07. Juli 2020

West-Nil-Virus könnte sich in Deutschland etablieren

Im vergangenen Jahr gab es das erste Mal Nachweise für Infektionen mit dem West-Nil-Virus in Deutschland. Bei einem warmen, langen Sommer könnte die Tropenkrankheit erneut auftreten, so Experten.

Lesedauer: 3 Minuten

Dieser Beitrag basiert auf dem epidemiologischen Bulletin des Robert-Koch-Instituts vom 18. Juni 2020. Redaktion: Marc Fröhling

Das West-Nil-Virus (WNV), der von Stechmücken übertragene Erreger der Tropenkrankheit West-Nil-Fieber, stammt ursprünglich aus Afrika und wurde durch Zugvögel als Amplifikationswirte auch nach Europa verbreitet. An Vögeln infizierte Mücken können den Erreger aber auch auf Säugetiere – vor allem Pferde – und auf Menschen übertragen. Im Gegensatz zu Vögeln sind beides jedoch Fehlwirte.

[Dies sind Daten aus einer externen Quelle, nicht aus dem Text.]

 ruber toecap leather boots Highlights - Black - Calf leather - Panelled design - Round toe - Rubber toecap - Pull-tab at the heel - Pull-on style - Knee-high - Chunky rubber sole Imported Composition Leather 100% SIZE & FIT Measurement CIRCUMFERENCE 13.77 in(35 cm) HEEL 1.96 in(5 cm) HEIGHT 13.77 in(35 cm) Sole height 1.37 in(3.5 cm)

In Deutschland kann der Erreger von den weit verbreiteten Stechmücken der Gattung Culex übertragen werden.1,2

West-Nil-Fieber: Nach einer Infektion mit dem West-Nil-Virus entwickelt rund ein Fünftel der Infizierten eine fieberhafte, grippeähnliche Erkrankung – etwa einer von 100 Infizierten erkrankt schwer. Alles über Krankheitsverlauf, Diagnostik und Therapie lesen Sie in dieser Übersicht.

Möglichkeit der weiteren dauerhaften Ausbreitung in Deutschland

Verbreitet ist der Erreger vor allem in Afrika, Israel, der Westtürkei, dem Mittleren Osten, Indien, Teilen Südostasiens und inzwischen auch in Nord- und Südamerika. In südeuropäischen Ländern wird es schon seit langem saisonal im Sommer übertragen und kann auch dort überwintern. Das Robert Koch-Institut (RKI) hält Infektionen mit dem WNV nun auch in Deutschland dauerhaft für möglich.

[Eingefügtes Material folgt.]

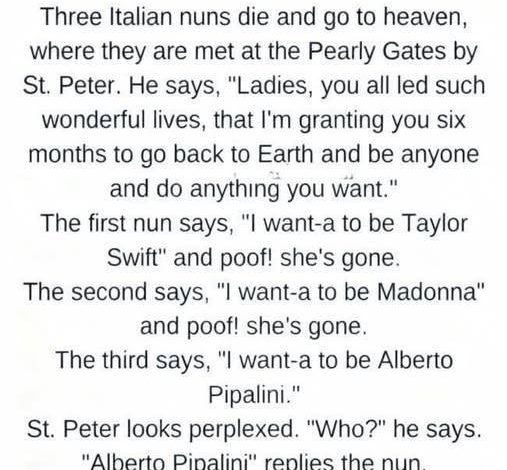 At the Pearly Gates, beneath clouds arranged as neatly as a gallery display, three Italian nuns arrived together after long lives devoted to service, prayer, and quiet devotion. They stood side by side, hands folded, habits perfectly pressed, faces calm and curious. St. Peter greeted them warmly, smiling as he checked their names off a brilliantly glowing list.

Laut dem jüngsten Epidemiologischen Bulletin des Instituts lassen Erfahrungen in Südeuropa vermuten, dass sich das West-Nil-Fieber in Deutschland etablieren und weiter ausbreiten wird. Vor allem längere Sommer mit hohen Temperaturen könnten zu einer verlängerten Saison und einer weiteren räumlichen Ausbreitung beitragen.

WNV: Entwicklung des Infektionsgeschehens in Deutschland

Bereits im Zeitraum zwischen 2003 und 2013 wurden 9 reiseassoziierte Fälle von West-Nil-Fieber gemeldet. Seit 2016 sind in Deutschland akute humane Infektionen mit Arboviren wie dem WNV und dem verwandten Usutu-Virus meldepflichtig. Ein besonders starker WNV-Ausbruch in Südeuropa im Jahr 2018 führte auch in Deutschland im Sommer zu positiven Nachweisen bei Vögeln und Pferden, außerdem wurden 11 humane Infektionen übermittelt. 10 Fälle waren reiseassoziiert, die Infektion eines bayerischen Tierarztes war autochthon, jedoch nicht durch Stechmücken übertragen.1

Im Jahr 2019 erfasste das RKI 12 weitere WNV-Erkrankungen. In 7 Fällen handelte es sich um reiseassoziierte Infektionen, fünf Infektionen in Ostdeutschland waren autochthon. Drei der fünf Fälle waren neuroinvasive Erkrankungen, was aufgrund des klinischen Spektrums (80 % asymptomatische, 19 % symptomatische mit unkomplizierter Erkrankung, 1 % neuroinvasive Infektion mit schwerer Erkrankung) auf eine deutlich höhere Zahl nicht übermittelter Infektionen schließen lässt. Die Übertragung erfolgte aller Wahrscheinlichkeit nach über Stechmücken.1

Das West-Nil-Virus in Deutschland

  • Seit 2016 ist eine Infektion mit dem West-Nil-Virus hierzulande meldepflichtig.
  • 2018: Erster Virusnachweise bei Vögeln und Pferden.
  • Im Ausland steckten sich 2019 nachweislich sieben Bundesbürger an. Todesfälle sind bislang nicht bekannt.
  • Spätsommer 2019: In Ostdeutschland wurden erstmals fünf Infektionen beim Menschen diagnostiziert, die vermutlich auf Mückenübertragung im Inland zurückgehen.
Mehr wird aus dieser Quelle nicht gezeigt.